Instance Branch Description, Instructions, Notes
Stable stable Accepts merges from Working and Hotfixes
Working master Accepts merges from Features/Issues and Hotfixes
Features/Issues topic-* Always branch off HEAD of Working
Hotfix hotfix-* Always branch off Stable

Main Branches

The main repository will always hold two evergreen branches:

  • master
  • stable

The main branch should be considered origin/master and will be the main branch where the source code of HEAD always reflects a state with the latest delivered development changes for the next release. As a developer, you will be branching and merging from master.

Consider origin/stable to always represent the latest code deployed to production. During day to day development, the stable branch will not be interacted with.

When the source code in the master branch is stable and has been deployed, all of the changes will be merged into stable and tagged with a release number. How this is done in detail will be discussed later.

Supporting Branches

Supporting branches are used to aid parallel development between team members, ease tracking of features, and to assist in quickly fixing live production problems. Unlike the main branches, these branches always have a limited life time, since they will be removed eventually.

The different types of branches we may use are:

  • Feature branches
  • Bug branches
  • Hotfix branches

Each of these branches have a specific purpose and are bound to strict rules as to which branches may be their originating branch and which branches must be their merge targets. Each branch and its usage is explained below.

Feature Branches

Feature branches are used when developing a new feature or enhancement which has the potential of a development lifespan longer than a single deployment. When starting development, the deployment in which this feature will be released may not be known. No matter when the feature branch will be finished, it will always be merged back into the master branch.

During the lifespan of the feature development, the lead should watch the master branch (network tool or branch tool in GitHub) to see if there have been commits since the feature was branched. Any and all changes to master should be merged into the feature before merging back to master; this can be done at various times during the project or at the end, but time to handle merge conflicts should be accounted for.

<tbd number> represents the project to which Project Management will be tracked.

  • Must branch from: master
  • Must merge back into: master
  • Branch naming convention: feature-<tbd number>

Working with a feature branch

If the branch does not exist yet (check with the Lead), create the branch locally and then push to GitHub. A feature branch should always be 'publicly' available. That is, development should never exist in just one developer's local branch.

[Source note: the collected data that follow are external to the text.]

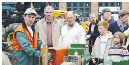
Bei praktischen Vorführungen wird den Besuchern der Umgang mit Holz gezeigt.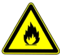
4.1. degoša viela vai ugunsbīstama telpa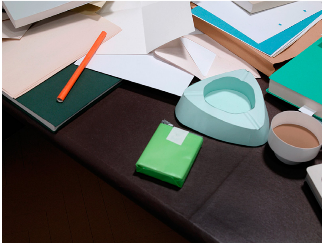
Thomas Demand, Embassy VII.a, 2007. c-print sur Diasec, 52,5x50 cm.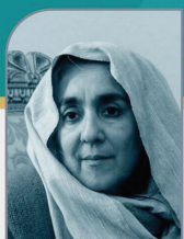
نورماروکسانا آماریا Noruma Roksanā Amariya

9th Fajr International Festival of Handicrafts Saru-e Simin (سرو سیمین) 20-24 February 2025 ۲۰-۲۴ اسفند ۱۴۰۳ Tehran - Iran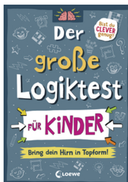
Der große Logiktest für Kinder - Bring dein Hirn in Topform!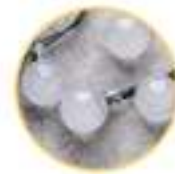
Ball diameter 23mm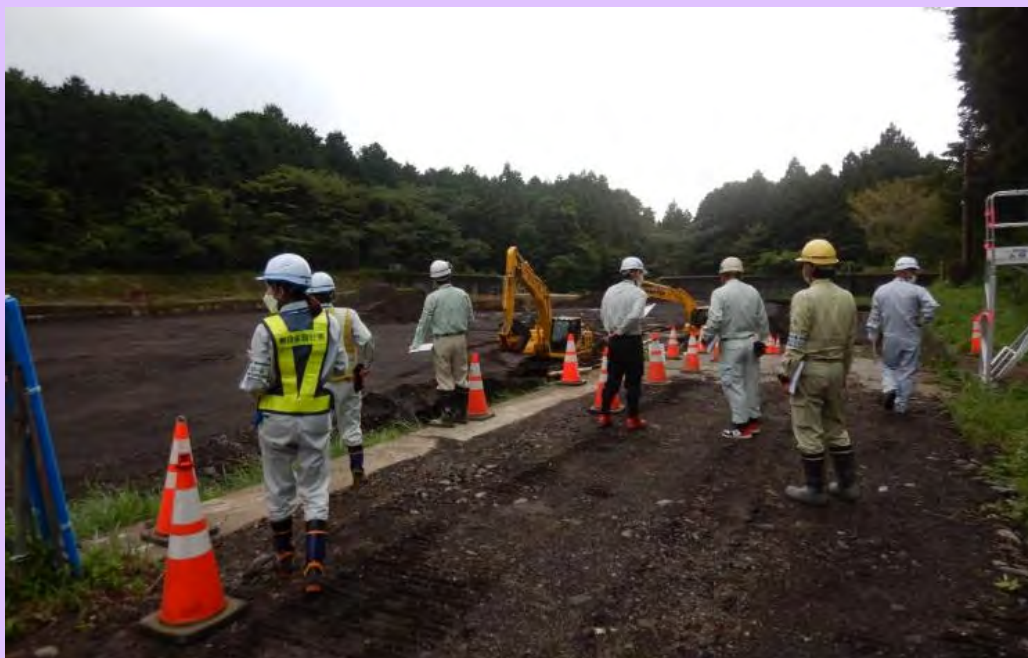
9月21日(水) 富士宮地区安全パトロールを実施

富士宮砂防出張所管内の工事現場において、安全パトロールを行いました。台風14号では大きな被害はありませんでしたが、今後の台風襲来に備え、資機材の流出や飛散が発生しないように確認を行いました。(静岡県富士宮市) 【富士砂防事務所】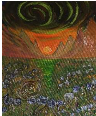
Montañas y lirios 61x50 cm 180€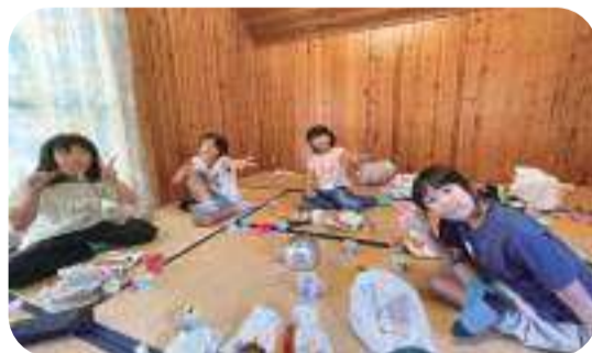
「バンガローに泊まりました」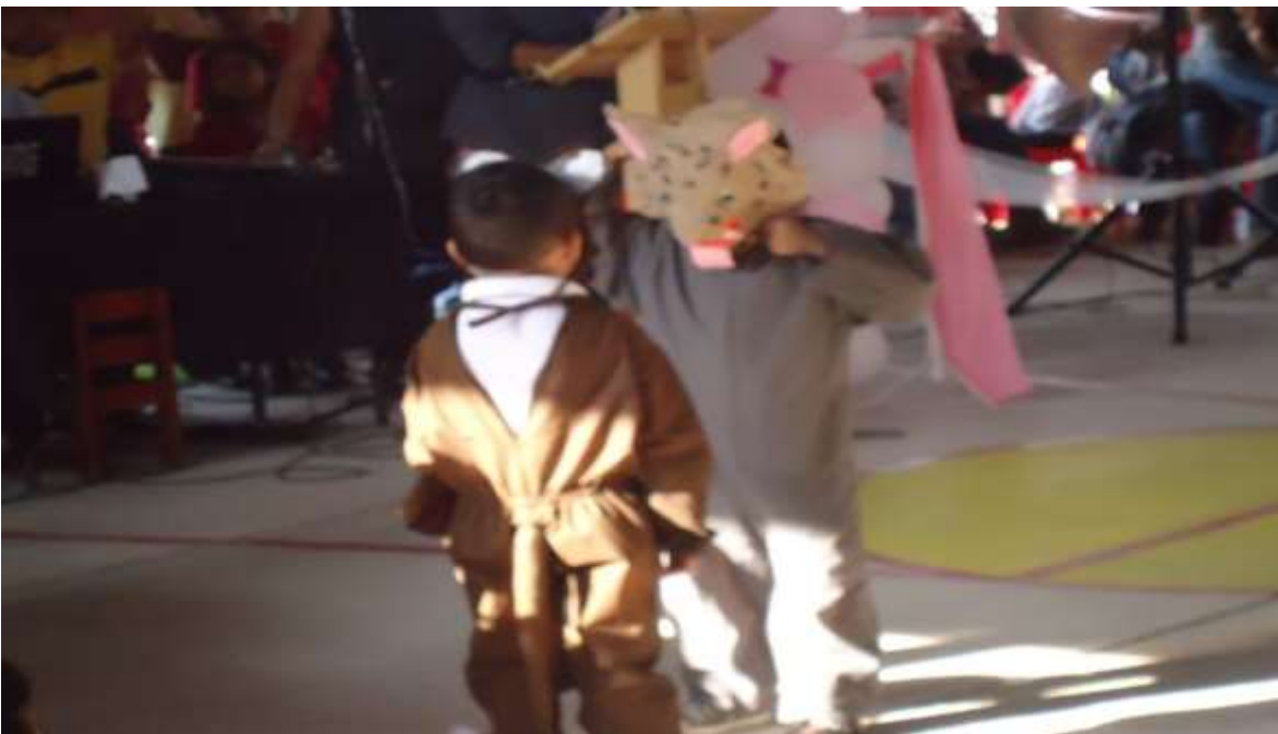
Disfraces realizados por los padres de familia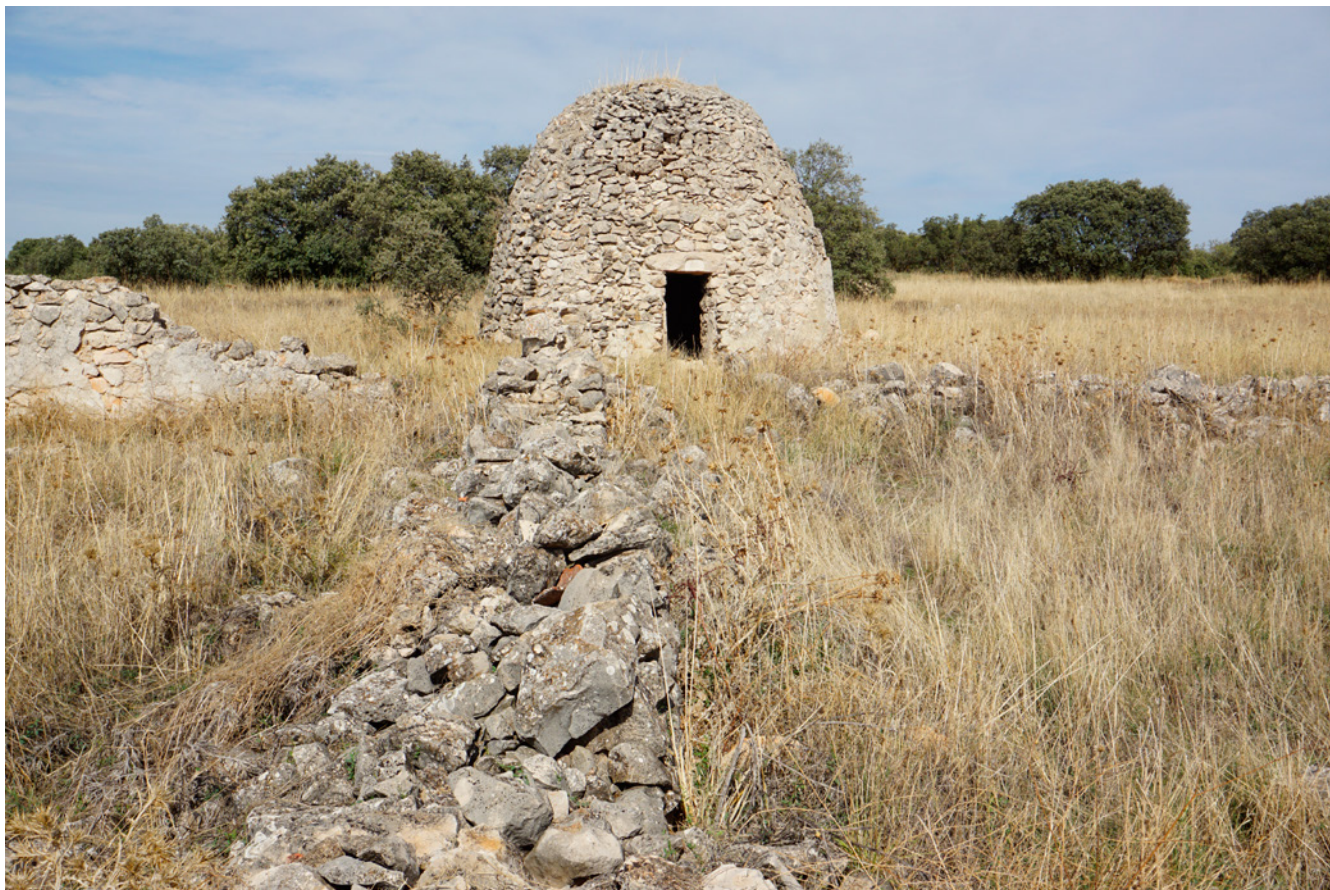
Fig. 2. Chozo del Castaño, construido en piedra seca con bóveda falsa, y vestigios de corrales en primer término. Villar del Olmo. 2022

tipología es variada, suelen responder a una construcción de pequeño tamaño, de planta circular o rectangular, con doble muro de piedra en seco, cubiertos por estructuras planas (inclinadas u horizontales) de vigas de madera y cubierta de piedra o vegetal, o bien por estructuras cupuliformes que crean falsas bóvedas mediante la aproximación horizontal de hiladas, cerrando el diámetro según se avanza en altura hasta alcanzar la clave. Estas construcciones comparten sabiduría constructiva con otras actividades: colmenares, neveros, tinados, guardaviñas, almacenes y viviendas, entre un gran abanico de tipologías, han sido erigidas mediante este arte, que caracteriza la arquitectura tradicional 14 de nuestros parajes rurales madrileños gracias a los saberes y prácticas que en ella residen. A pesar de mostrar paralelismos en sus morfologías tipológicas, en cada región, dentro del mismo ámbito autonómico, reflejan especificidades propias de la comunidad que las ha producido, ya sea por las peculiaridades que les otorga la elección de un determinado material (tanto en el cromatismo como en el aparejo o en la escala que adoptan), por la climatología que han de regular (más frío y húmedo en las zonas de montaña, más templado y seco hacia áreas meridionales), por su adaptación a las funciones propias de cada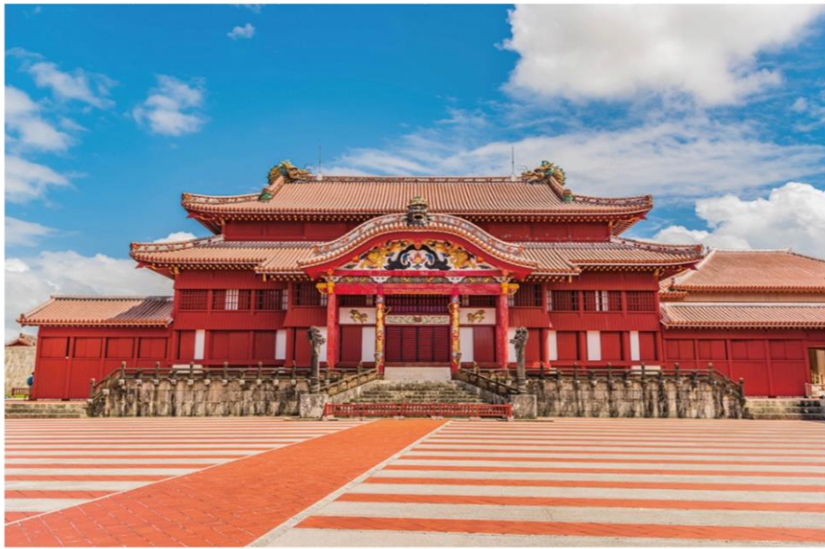
◀ 오키나와의 나하. 슈리성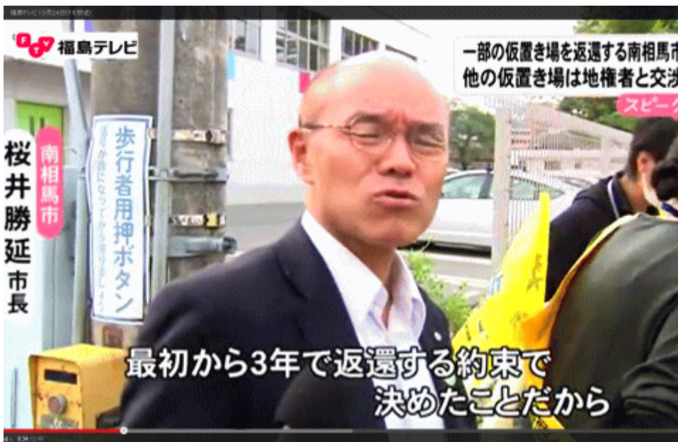
図一 6 仮置き場について話す南相馬市長

$ git checkout -b feature-id master                 // creates a local branch for the new feature
$ git push origin feature-id                        // makes the new feature remotely available

Periodically, changes made to master (if any) should be merged back into your feature branch.

$ git merge master                                  // merges changes from master into feature branch

When development on the feature is complete, the lead (or engineer in charge) should merge changes into master and then make sure the remote branch is deleted.

$ git checkout master                               // change to the master branch  
$ git merge --no-ff feature-id                      // makes sure to create a commit object during merge
$ git push origin master                            // push merge changes
$ git push origin :feature-id                       // deletes the remote branch

Bug Branches

Bug branches differ from feature branches only semantically. Bug branches will be created when there is a bug on the live site that should be fixed and merged into the next deployment. For that reason, a bug branch typically will not last longer than one deployment cycle. Additionally, bug branches are used to explicitly track the difference between bug development and feature development. No matter when the bug branch will be finished, it will always be merged back into master.

Although likelihood will be less, during the lifespan of the bug development, the lead should watch the master branch (network tool or branch tool in GitHub) to see if there have been commits since the bug was branched. Any and all changes to master should be merged into the bug before merging back to master; this can be done at various times during the project or at the end, but time to handle merge conflicts should be accounted for.

<tbd number> represents the Basecamp project to which Project Management will be tracked.

  • Must branch from: master
  • Must merge back into: master
  • Branch naming convention: bug-<tbd number>

Working with a bug branch

If the branch does not exist yet (check with the Lead), create the branch locally and then push to GitHub. A bug branch should always be 'publicly' available. That is, development should never exist in just one developer's local branch.

$ git checkout -b bug-id master                     // creates a local branch for the new bug
$ git push origin bug-id                            // makes the new bug remotely available

Periodically, changes made to master (if any) should be merged back into your bug branch.

$ git merge master                                  // merges changes from master into bug branch

When development on the bug is complete, [the Lead] should merge changes into master and then make sure the remote branch is deleted.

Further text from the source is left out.